Correia, R. B., Gates, A. J., Wang, X., & Rocha, L. M. (2018). CANA: a python package for quantifying control and canalization in Boolean networks. Frontiers in Physiology, 9, 1046.
- get_effective_degree() float | None [source]
Important
This method requires an installation of CANA (See Extended Functionality). If CANA is not found, this method wil return None.
Compute the effective degree, i.e., the sum of the edge effectivenesses of each regulator, of a Boolean function.
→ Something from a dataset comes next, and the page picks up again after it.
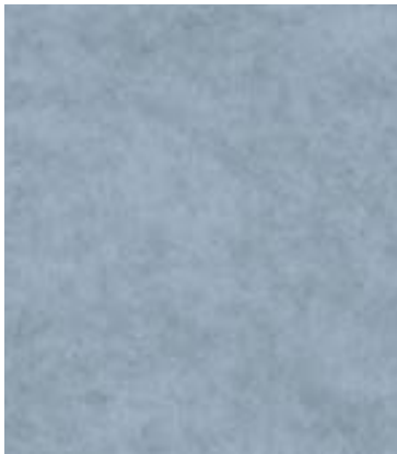
Cerulean FR | (TT231)

Edge effectiveness measures how much flipping a given input (regulator) influences the output. Non-essential inputs have an effectiveness of 0, whereas inputs that always flip the output when toggled have an effectiveness of 1.
Returns:
list: A value in [0, 1] representing the effective degree for each input. #TODO
References:
Marques-Pita, M., & Rocha, L. M. (2013). Canalization and control in automata networks: body segmentation in Drosophila melanogaster. PloS One, 8(3), e55946.
Correia, R. B., Gates, A. J., Wang, X., & Rocha, L. M. (2018). CANA: a python package for quantifying control and canalization in Boolean networks. Frontiers in Physiology, 9, 1046.